Task statement
Please restate each entry word for word and leave the pictures out.
= = = =
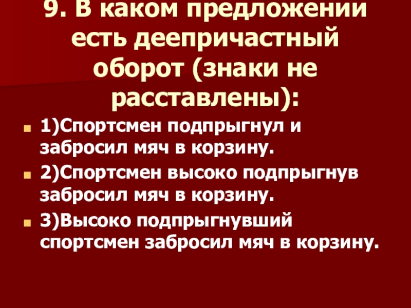 3)Высоко подпрыгнувший спортсмен забросил мяч в корзину.
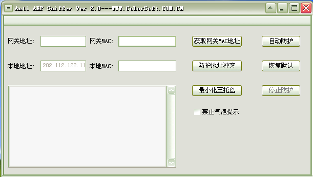 二、针对未感染病毒,而受到影响的计算机解决方法: 1、 Windows用户可通过在命令行方式(开始” - “程序” - “附件”菜单下调出“命令提示符”)下执行“arp –s 网关IP 网关MAC地址”命令来减轻中毒计算机对本机的影响。网关IP和MAC地址可在网络工作正常时通过命令行方式下的“arp –a”命令来得到。 2、 使用Anti ARP Sniffer软件保护本地计算机正常运行(此软件的用法及下载见附录一)。 附录一 Anti Arp Sniffer 的用法 双击Anti Arp图表,出现图二所示对话框。
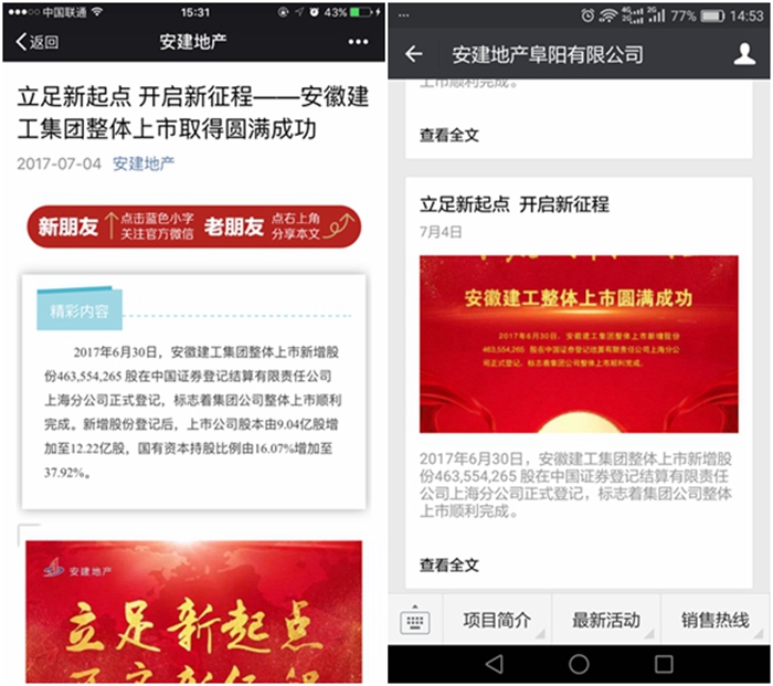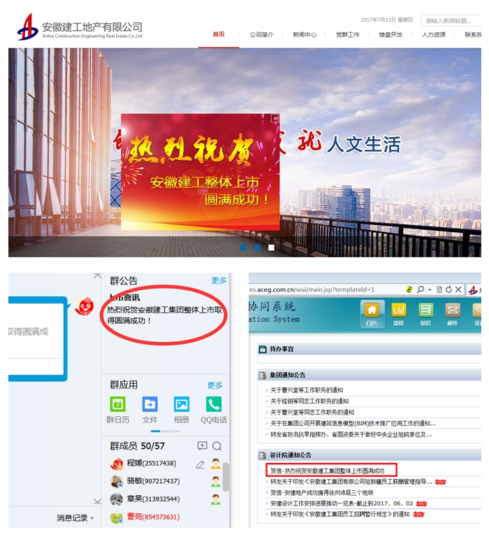 7月3日,安建地產(chǎn)公司網(wǎng)站在首頁(yè)顯眼處推送了集團整體上市的消息。7月4日通過(guò)公司CES公告向所屬各單位廣泛而精確的傳達了集團整體上市宣傳工作要求,并通過(guò)安建地產(chǎn)官方微信公共賬號向公司全體員工傳達了集團整體上市成功這一振奮人心的消息。
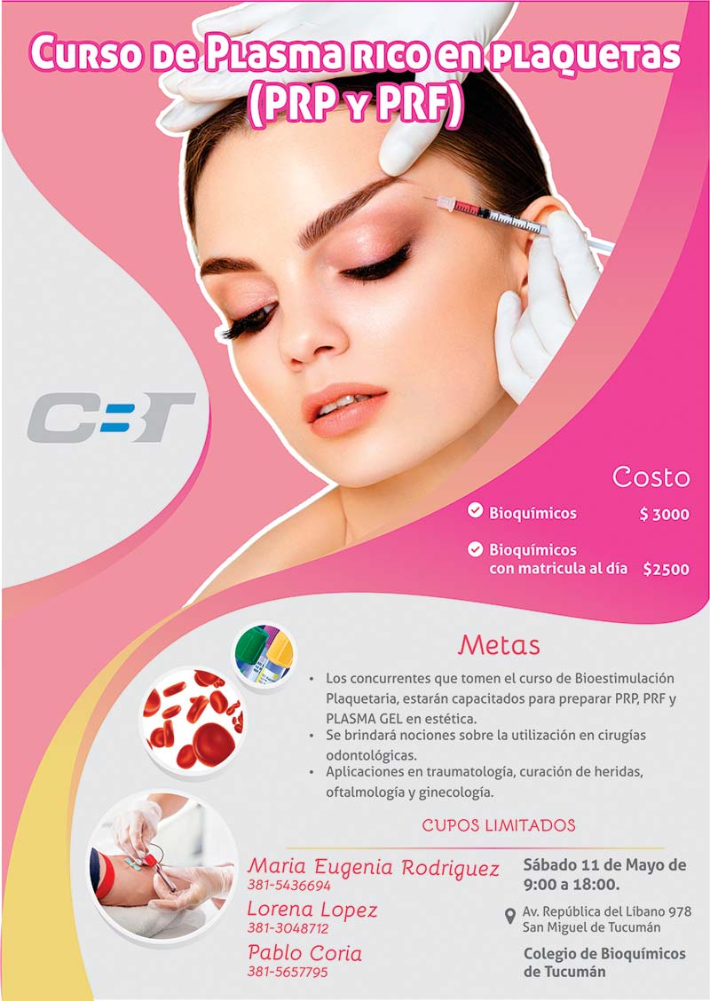 - PRP: Centrifugación, activación y obtención de concentrados plasmáticos utilizados en estética y armonización facial.
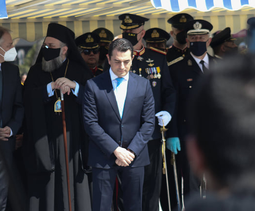 Διακρίνεται πάντως στη φωτογραφία παραπάνω, κατά την παρέλαση, όντως… εν νοερά προσευχή και πίσω του να του διαβάζει ευχές ο άγιος Τρίκκης!…
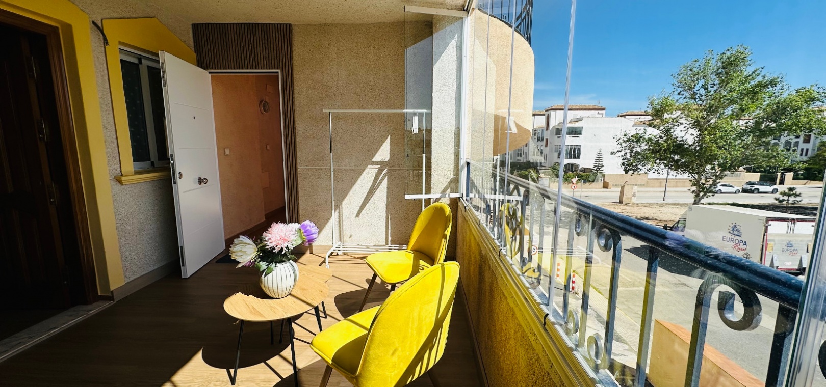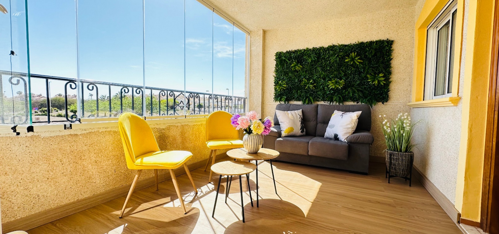 Lounge / diner with hot and cold A/C, a newly fitted independent kitchen with a separate utility room, 2 x double bedrooms both with fitted wardrobes, 1 x newly fitted shower room, large glazed in balcony, communal swimming pool, communal off road parking & much, much more.
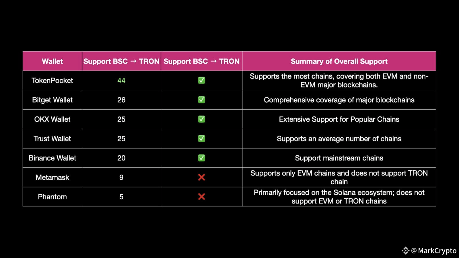 Limited Support: MetaMask (no TRON), Phantom (Solana/Ethereum-focused)
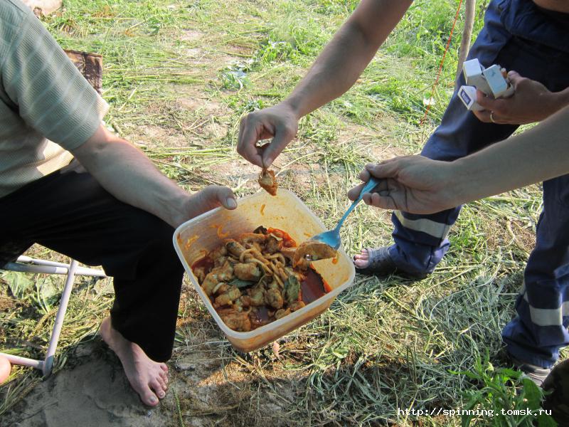 Время неумолимо приближалось к обеду, нужно было двигаться на стан. Прибыв, обсудили наши рыболовные успехи. У Володи на вертушки позарились щучка и язь. Он их отправил в родную стихию. Экипаж Жени с Лёней привезли щучку и пару окуней. Я занялась приготовлением обеда, а Женя начал готовить к ужину своё фирменное хе.
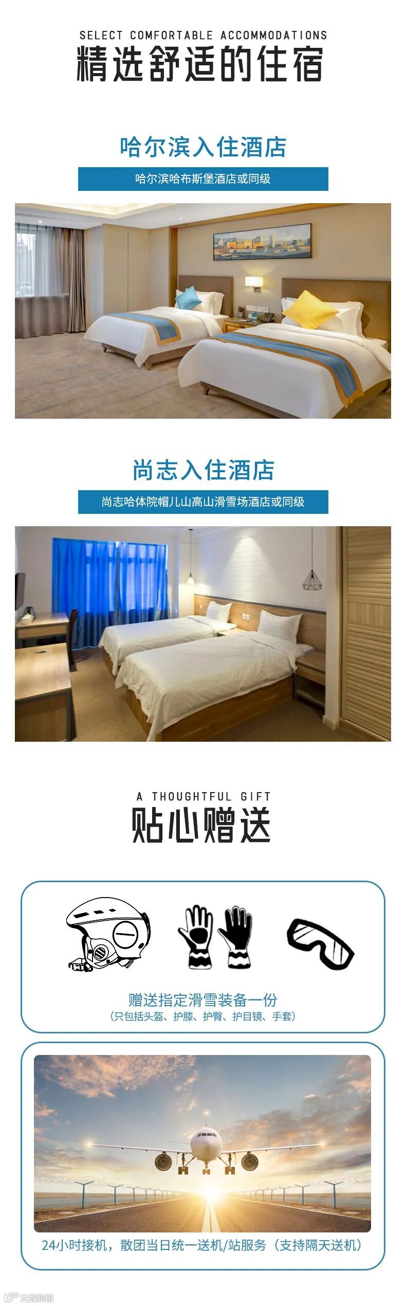 1、 赠送指定滑雪装备一份(只包括头盔、护膝、护臀、护目镜、手套);
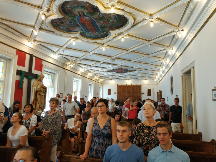 A nagy múltú, hajdan napi több telt házas misét ünneplő Szent Imre-kápolna közössége megfogyatkozott mára – most megtöltötték a görögkatolikus hívek, és életet hoztak a szolidan zsivajgó gyerekek. Tamás atya az éltető, örömteli közösség és a vidámsággal teli vasárnapok szerepét hangsúlyozta.
= = = =
Answer
 3)Высоко подпрыгнувший спортсмен забросил мяч в корзину.
 二、针对未感染病毒,而受到影响的计算机解决方法: 1、 Windows用户可通过在命令行方式(开始” - “程序” - “附件”菜单下调出“命令提示符”)下执行“arp –s 网关IP 网关MAC地址”命令来减轻中毒计算机对本机的影响。网关IP和MAC地址可在网络工作正常时通过命令行方式下的“arp –a”命令来得到。 2、 使用Anti ARP Sniffer软件保护本地计算机正常运行(此软件的用法及下载见附录一)。 附录一 Anti Arp Sniffer 的用法 双击Anti Arp图表,出现图二所示对话框。
 7月3日,安建地產(chǎn)公司網(wǎng)站在首頁(yè)顯眼處推送了集團整體上市的消息。7月4日通過(guò)公司CES公告向所屬各單位廣泛而精確的傳達了集團整體上市宣傳工作要求,并通過(guò)安建地產(chǎn)官方微信公共賬號向公司全體員工傳達了集團整體上市成功這一振奮人心的消息。
 - PRP: Centrifugación, activación y obtención de concentrados plasmáticos utilizados en estética y armonización facial.
 Διακρίνεται πάντως στη φωτογραφία παραπάνω, κατά την παρέλαση, όντως… εν νοερά προσευχή και πίσω του να του διαβάζει ευχές ο άγιος Τρίκκης!…
 Lounge / diner with hot and cold A/C, a newly fitted independent kitchen with a separate utility room, 2 x double bedrooms both with fitted wardrobes, 1 x newly fitted shower room, large glazed in balcony, communal swimming pool, communal off road parking & much, much more.
 Limited Support: MetaMask (no TRON), Phantom (Solana/Ethereum-focused)
 Время неумолимо приближалось к обеду, нужно было двигаться на стан. Прибыв, обсудили наши рыболовные успехи. У Володи на вертушки позарились щучка и язь. Он их отправил в родную стихию. Экипаж Жени с Лёней привезли щучку и пару окуней. Я занялась приготовлением обеда, а Женя начал готовить к ужину своё фирменное хе.
 1、 赠送指定滑雪装备一份(只包括头盔、护膝、护臀、护目镜、手套);
 A nagy múltú, hajdan napi több telt házas misét ünneplő Szent Imre-kápolna közössége megfogyatkozott mára – most megtöltötték a görögkatolikus hívek, és életet hoztak a szolidan zsivajgó gyerekek. Tamás atya az éltető, örömteli közösség és a vidámsággal teli vasárnapok szerepét hangsúlyozta.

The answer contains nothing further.